The review is led by
Jonathan Hill, former European Commissioner for Financial Stability, Financial
Services and Capital Markets Union and a Member of House of Lords. A consultation
closed on 5 January and the review will continue in early 2021.
Lord Hill’s review is seen as an attempt to
ensure that the UK remains an attractive place to list after Brexit, as
competition increases from other stock exchanges in Europe and beyond that have
relaxed listing regimes and corporate governance frameworks.
Athanasia Karananou, Head of Corporate
Governance at the Principles for Responsible Investment, tells RI that dual
class shares can severely undermine the effectiveness of stewardship and the
power of institutional investors to hold companies accountable. “Weakening the
existing rules to effectively allow such structures would appear to be
regressive and contrary to the high corporate governance standards of the LSE
premium listing segment,” she explains, adding that the proposal could affect
investor confidence and “reinforce concerns around a potential global race to
the bottom” resulting in lower governance standards and investor protections
globally.
The International Corporate Governance Network
(ICGN), the investor body whose members represent $54trn (€44.3trn) in assets under
management, labelled the proposal “a trade-off that waters down regulatory
standards at the expense of investor protection”.
In its response to the
consultation, ICGN said: “This public consultation makes clear that dual class
offerings and lower free float are both on the table, our clear message to you
is that such developments would be unwelcome by a substantial number of
institutional investors globally.”
ICGN said that while sympathetic to concerns of
short-termism that might lie behind Lord Hill’s review, dual class shares are a
seriously flawed tactic with unintended consequences.
“Weakening
the existing rules to effectively allow such structures would appear to be
regressive and contrary to the high corporate governance standards” - Athanasia
Karananou, PRI
The main UK retail investor bodies, the UK Shareholders’ Association and
ShareSoc, have also opposed the plans, with / Cliff Weight,
ShareSoc’s Director, labelling it as “utterly misguided” and “a race to the
bottom” by attempting to improve the UK market by relaxing corporate governance
standards.
“This review has focussed on what can be done to
make the UK a more attractive regime for companies to list, where perhaps a
more important consideration is what can be done to make the UK a more
attractive regime in which to invest,” he went on. “The key point is that the
stock market is now global, the marginal costs of investing in UK shares are
excessive, and the returns from UK shares have been below average.”
Weight added he would
prefer stronger standards in light of the most recent accounting and auditing
scandals such Carillion, Thomas Cook, Conviviality and Patisserie Valerie.

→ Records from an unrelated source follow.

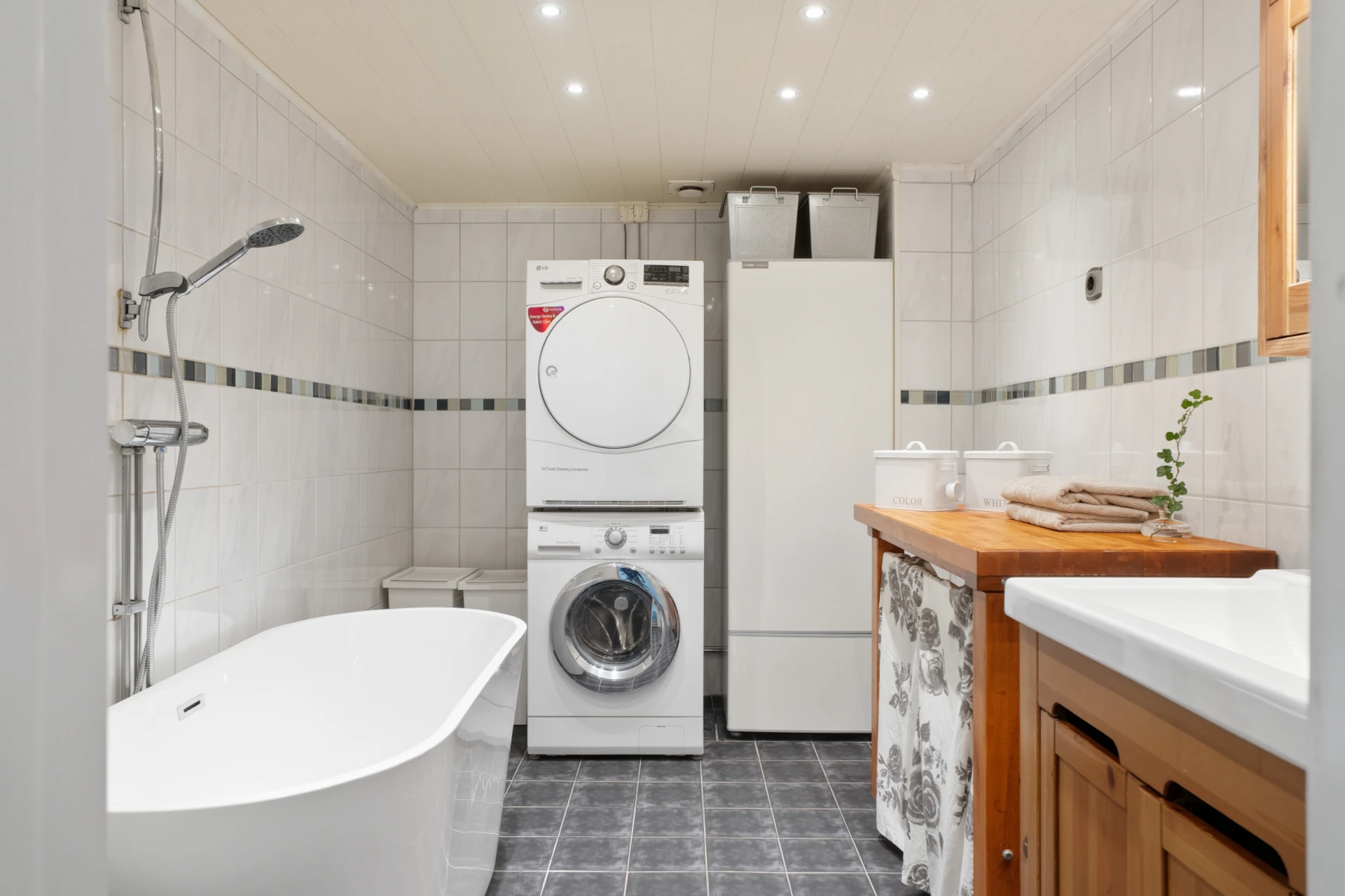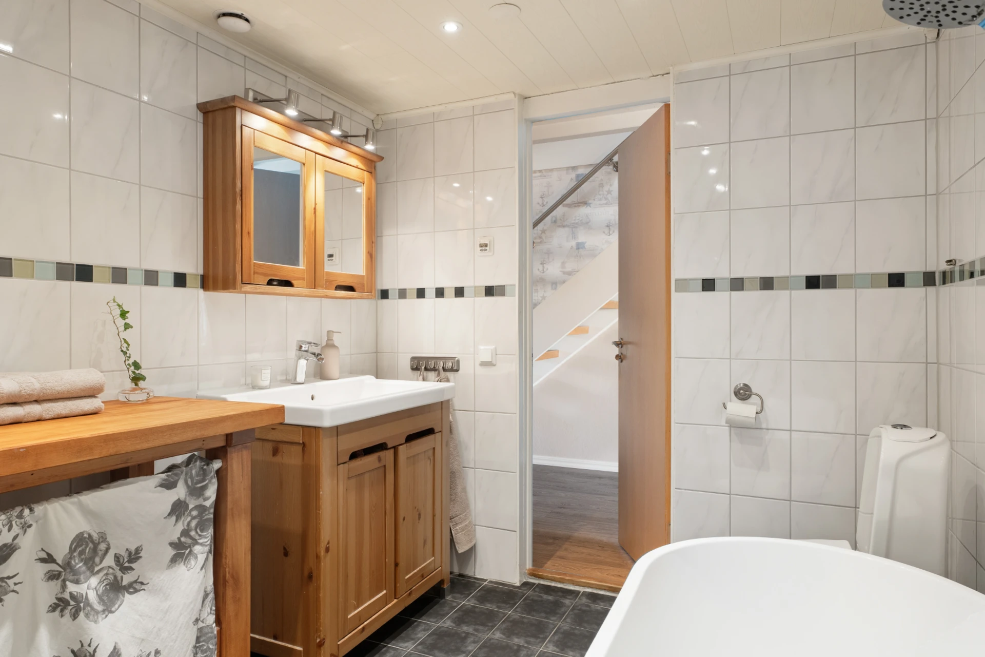 Klinkergolv med golvvärme och helkaklade väggar. Badrumsinredningen består av WC-stol, handfat med kommod, spegelskåp, badkar kombinerat med dusch samt tvättpelare med torktumlare och tvättmaskin.
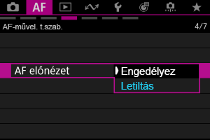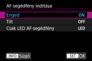 Lehetőség van arra, hogy letiltsa vagy engedélyezze a fényképezőgép, illetve az EOS fényképezőgépekhez tervezett Speedlite vakuk AF-segédfényének indítását.
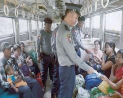 Police members from the Railway Police Unit of Yangon Region led by Police Sub-inspector Hsint launched a public awareness campaign onboard the circular train yesterday.

PIRC, a UK governance consultancy advising the
Local Authority Pension Fund Forum, also opposed the relaxation of governance standards
in its response to the review.
Alan MacDougall, PIRC Managing Director, wrote:
“Problems with the collapses of NMC Health (a FTSE 100 company) and Finablr (a
FTSE 350) company predated COVID, and appear to us to be a result of previous
measures to relax the Listing Regime.” He suggested that listing requirements
should be instruments of Parliament, and subject to its authority, to minimise
“many of the problems caused by [corporate advisory side] lobbying”.
Other jurisdictions already allow dual class
shares, among them the US, Hong Kong and Singapore. In Europe, the Netherlands features
prominently. According to Rients Abma, Executive Director of Dutch governance
organisation Eumedion, it is referred to as the ‘Delaware of Europe’ due its
flexible company laws.
Abma tells RI that five listed companies have
dual-class shares: Prosus (with a 1:1000 ratio), Altice Europe (1:25), Trivago (1:10),
Yandex (1:10) and Digi Communications (1:10). In addition, six firms have
issued loyalty shares for long-term shareholders (i.e. their founders): Stellantis
(the merger of Fiat Chrysler and Peugeot), Ferrari, CNH Industrial, Exor,
Campari Group and Cnova.
Abma said the current political climate favours
loyalty shares and dual-class shares because politicians believe that those share
structures can attract new company headquarters. “Last year Campari Group
decided to relocate from Italy to The Netherlands and Fiat Chrysler and Peugeot
decided to establish its joint headquarters [now Stellantis] in Amsterdam,
leaving London and Paris behind. Also CureVac [involved in a Covid-19 vaccine]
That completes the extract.